Do stay behind the red velvet rope. If you’re caught on the carpet, you’ll be goose-stepped off the property by two gorillas in tuxedoes. Take this as a hint that you’re not getting anywhere near that carpet, let alone those who tread it so regally.

Don’t reach over the rope and grab a star. You are not at a petting zoo, despite the aforementioned tuxedoed gorillas who now have their paws wrapped firmly around you.

Do leave all sidearms at home. Despite your desire to give your favorite star a snappy military salute, the embarrassment of being arrested as a possible terrorist won’t encourage him to appreciate you, let alone get you any closer than five hundred yards of his next public appearance.

Don’t try to crash the carpet by getting primped up and hiring a limo to drop you off. The guest list to these things is always written in blood—that of the publicist in charge of the event. They are orchestrated to perfection, so no matter how dazzling your over-the-shoulder smolder, she’ll think nothing of wrestling you to the ground herself, so that the real stars can arrive on time.

The deaths of their stunt doubles left the stars of our picture duly chastened. Replacements were on the set the very next day. However, both are so plug ugly that even Willow and Reed wince when they see them.

Smart move on Addison’s part, or perhaps Jeff’s.

Three weeks ago, shooting shifted to Paris. The production is moving through its list of tourist-friendly outdoor location shoots. In the movie, they will be sinister, as well as beautiful and familiar.

Whitford is shooting some choice, universally recognizable interiors, too.
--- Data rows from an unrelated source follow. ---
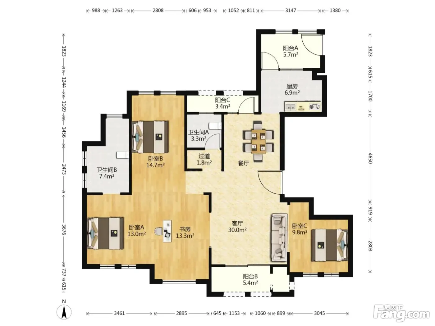 户型齐全,主打户型方正,明卫,明厨,双卧朝南,主卧朝南四居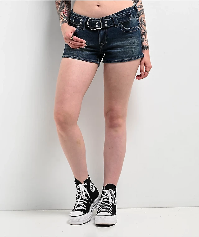 True Religion Joey Embroidered Low Rise Deep Wave Of Water Denim Shorts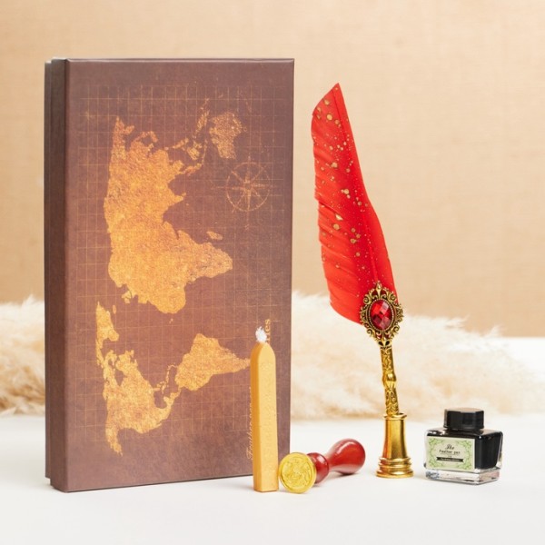 АКЦИЯ! 3 по цене 2! Набор подарочный 5 в 1 «Реликвия», перьевая ручка розовая, чернила, печать, воск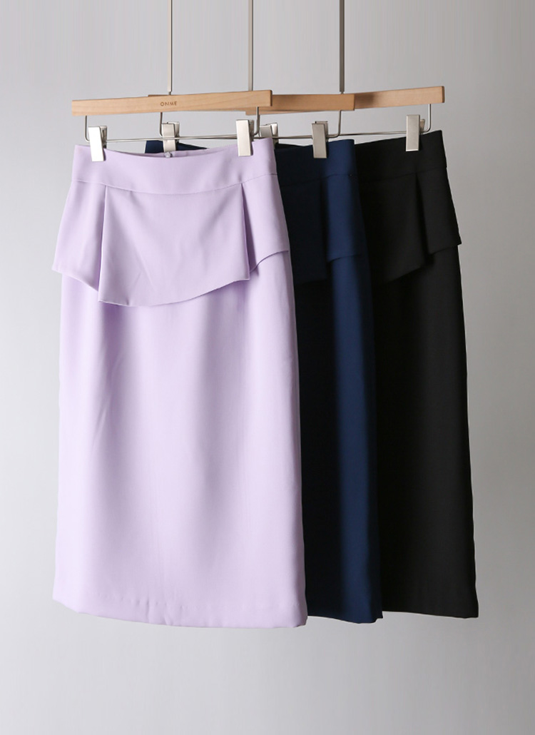 리노 러플 케이프 레이어드 슬림 H라인 미디 펜슬 스커트
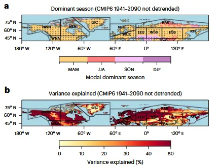 北半球温带地区(图5a-b):3-5月(MAM)为主导季节,其累积土壤湿度与生长季土壤湿度相关性最强,解释方差比例大且模式与ERA5一致。主导季节不随时间序列长度或去趋势处理而改变,证实前期条件影响源于季节性土壤湿度记忆而非长期趋势。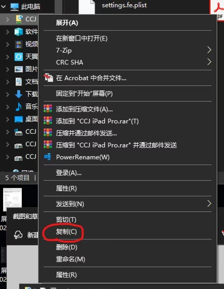 右键复制iPad文件夹。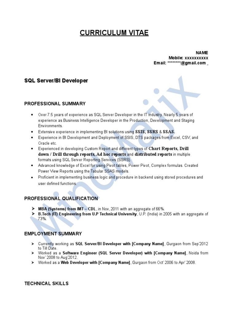 Currently working as SQL Server/BI Developer with [Company Name], Gurgaon from Sep’2012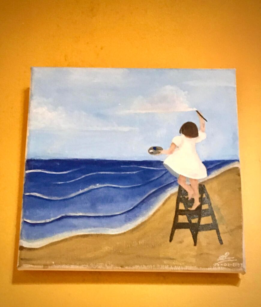 , the girl drawing cloud i used small paint brush, with acrylic! Who is the girl drawing cloud? ![]()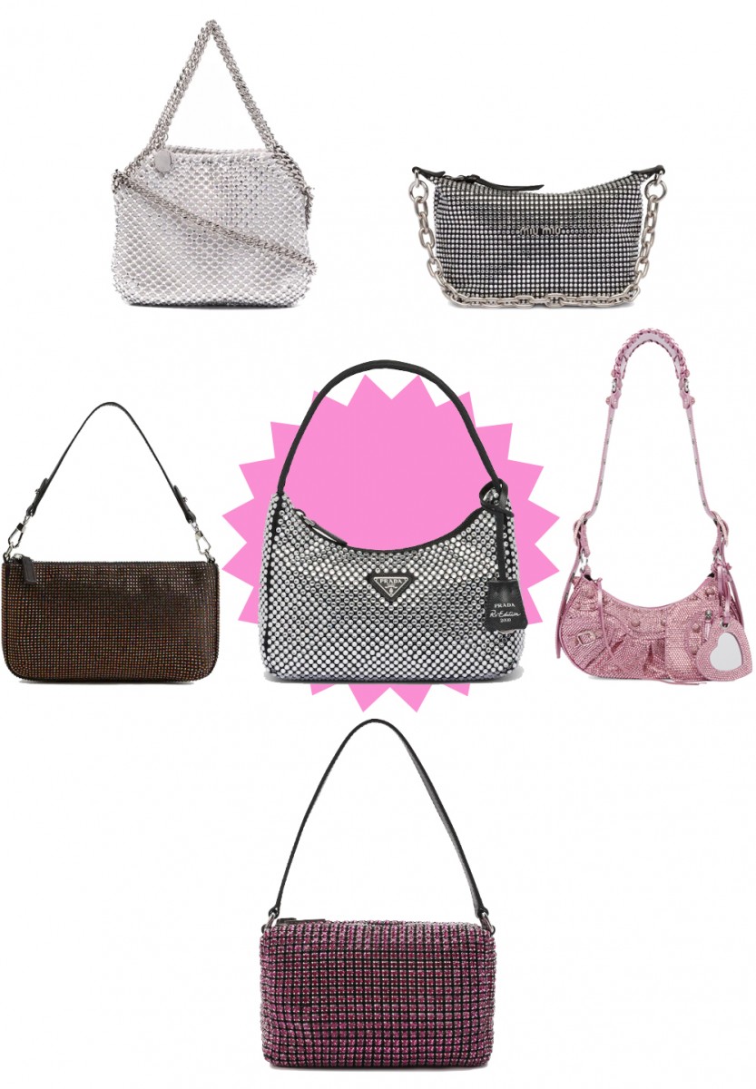 Сумка — одна из лучших фэшн-инвестиций. Если купить качественную модель, то она не только прослужит долго, но и поможет создать стильный образ. Конечно, лучше выбирать классику – черные сумки для осени и зимы, светлые – для весны и лета. Так точно не прогадаете. Но иногда так хочется быть в тренде! Особенно, когда видишь, как интересно смотрятся «новинки» в образах селебрити. И в этом году главным хитом стала сумка Prada, полностью покрытая кристаллами. Мы видели ее еще зимой у как у звезд (например, Бар Рафаэли, Эмили Ратаковски и других модных икон Голливуда), так и у российских инфлюенсеров. Причем эту, казалось бы, «праздничную» модель носили и с вечерними платьями на выход, и с джинсами и куртками в прогулочном аутфите. Интересно, что тренд перешел и в лето. Только теперь подобные сумки со стразами стали выпускать чуть ли не все бренды.
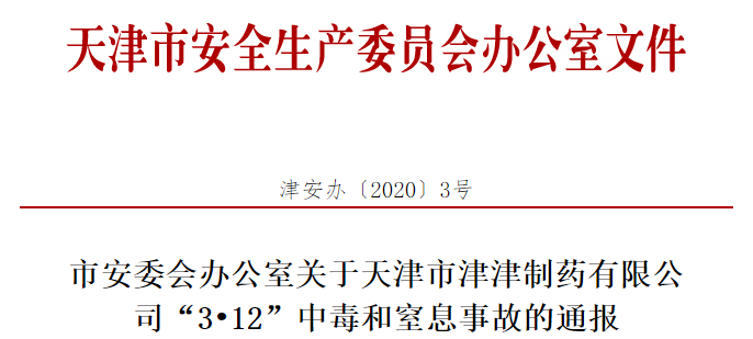 3月17日,天津市安全生產(chǎn)委員會辦公室發(fā)布《關于天津市津津制藥有限公司“3•12”中毒和窒息事故的通報》 稱:事故暴露出該企業(yè)安全意識淡薄,沒有認真吸取同類事故教訓,進入受限空間作業(yè)管理失控等突出問題,以及企業(yè)安全管理混亂、地方監(jiān)管部門受限空間作業(yè)安全專項整治不到位、安全監(jiān)管失之于軟等突出問題。通報原文如下:
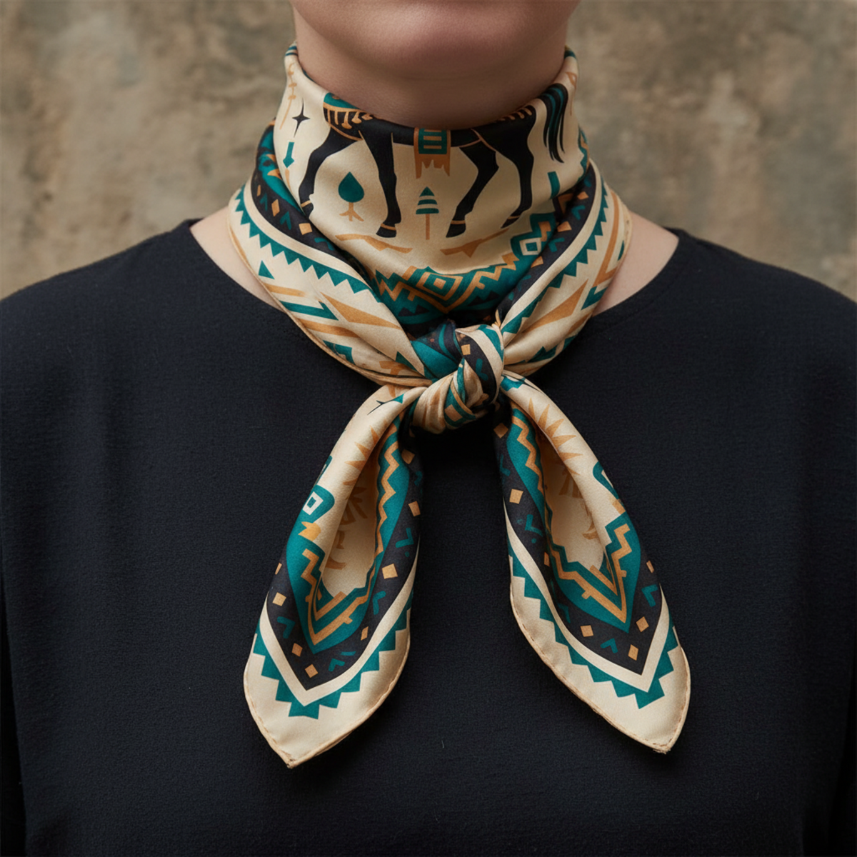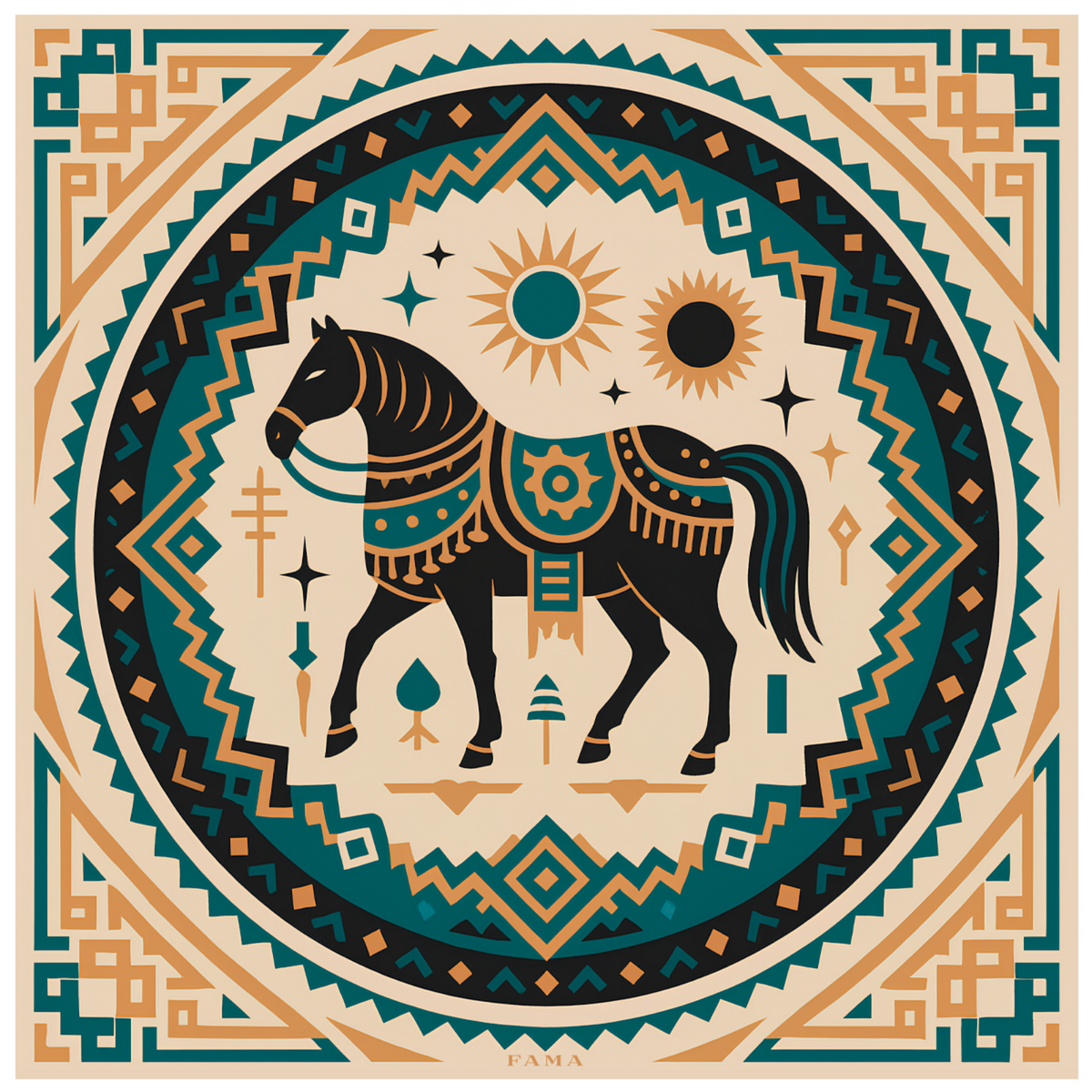 Шелковый платок "Степной конь" от Fama (лимитированная коллекция, 65х65 см)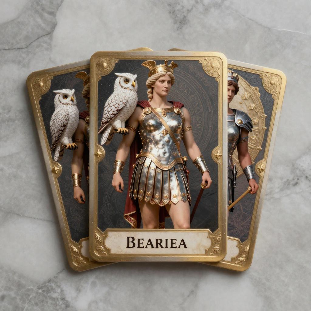 Greek god trading cards showcasing Athena with her owl, classical Greek armor, ancient mythological motifs, marble texture background, cinematic lighting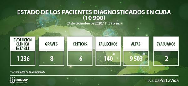 De los 10 mil 900 pacientes diagnosticados con la enfermedad, se mantienen ingresados mil 250 (11,5%), mil 236 (98,9%) con evolución clínica estable. Se reportan 140 fallecidos (uno del día), dos evacuados, cinco retornados a sus países, 125 altas del día, se acumulan 9 mil 503 pacientes recuperados (87,2%). Se atienden en las terapias intensivas 14 pacientes confirmados, de ellos seis críticos y ocho graves.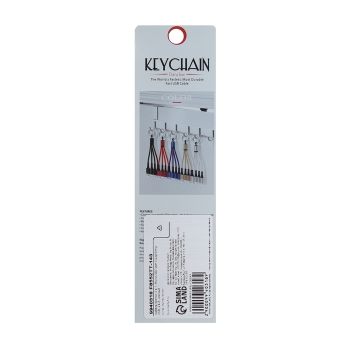 Кабель брелок 3 в 1, MicroUSB/Type-C/Lightning - USB, 2.4 А, красный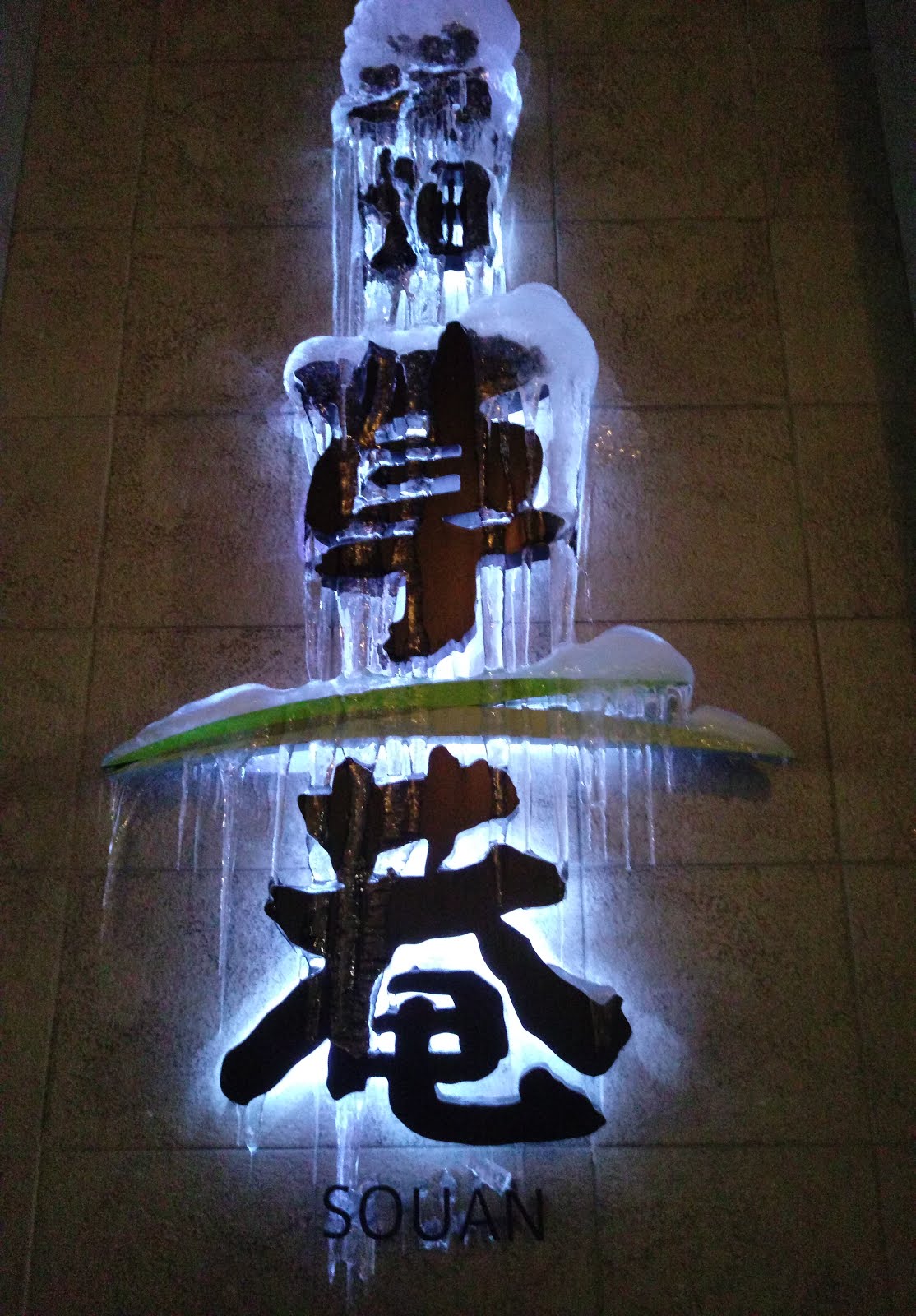 我們在大雪紛飛的商店街等了半個小時,看板都已經結了厚厚的一層冰。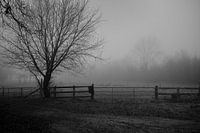 Kun je de stilte voelen? Dit zwart-wit motief uit de serie "Bünde im Nebel" neemt je mee op een wandeling door het mysterieuze landschap van een mistige ochtend in Bünde (NRW). De oude boom, die als een stille schildwacht tegen de mist staat, en het verlaten hek vertellen verhalen van rust, vergankelijkheid en de schoonheid van het moment.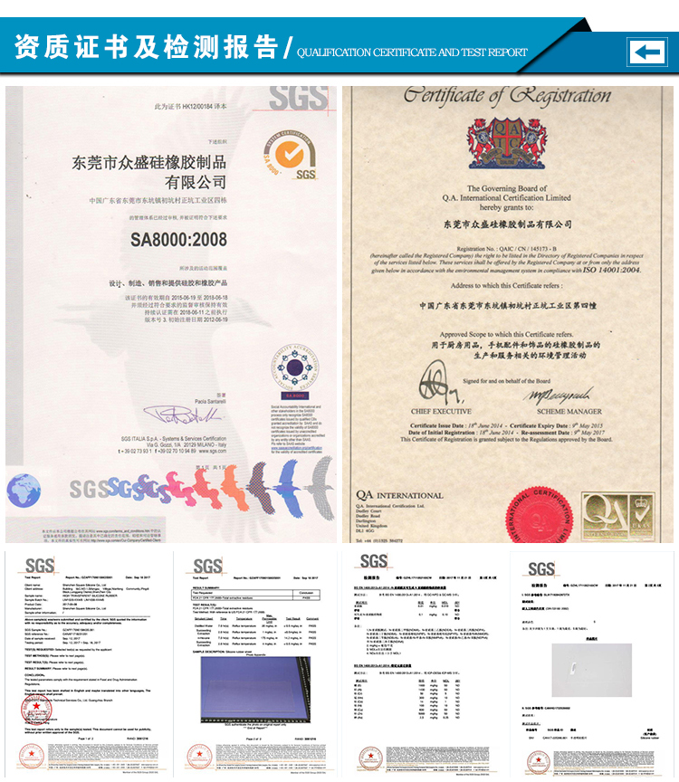眾盛硅膠的資質(zhì)證書和檢測的報告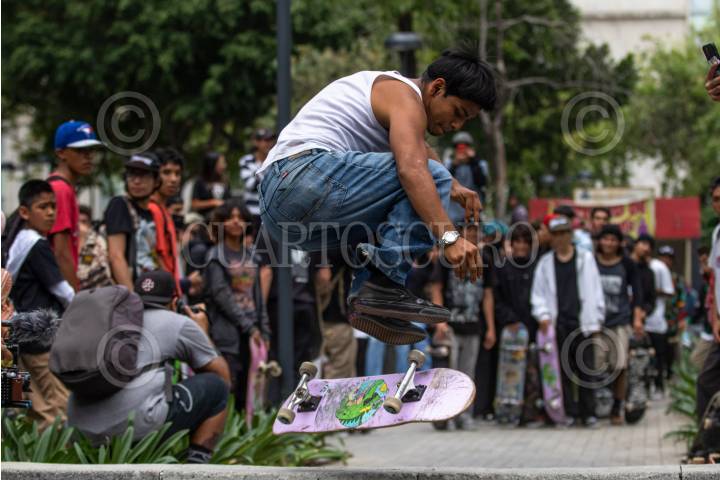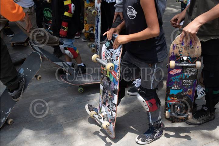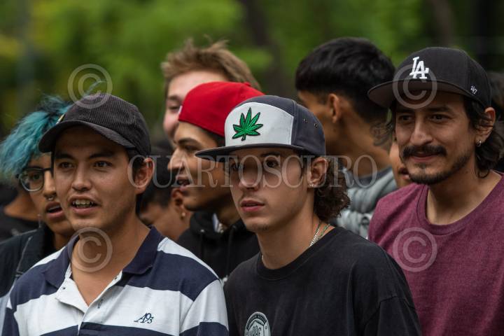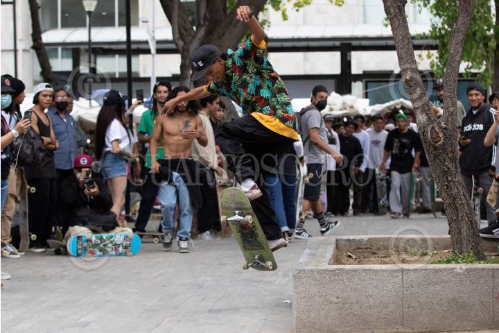 Chavos que practican el skateboard en la Alameda Central, en donde entre ellos muestran sus mejores movimientos.

These include a salon in the Louvre; the pews in Notre Dame; Printemps Department Store; and a suite at the Georges V, the grand hotel where the leads, the director, the producer and the family Stone (greatly pleased) have been placed.

The supposed-child actors are needed at some of these locations, but most of the filming revolves around the leads.

To be honest, I’d kill for the heroine’s wardrobe. Willow has it written into her contract that she gets to keep any dress she likes.

She’s lucky she’s not my size.

Mary and Rachel are still joined at the hip. Having been to Paris for a couple of film shoots already, Rachel is an accommodating tour guide. When they come back from their many romps, they sequester themselves, sometimes for hours on end. I catch the two of them whispering and giggling. When I ask them why, they freeze and make up some excuse so flimsy I can see right through it.

Trisha is now so comfortable with hotel living that Jack calls her “our little Eloise.” She prowls every new home-away-from-home from top to bottom so that the floor plans and grounds become second nature to her. She orders room service like a pro, and charms the housekeeping staff into leaving extra chocolates on our pillows.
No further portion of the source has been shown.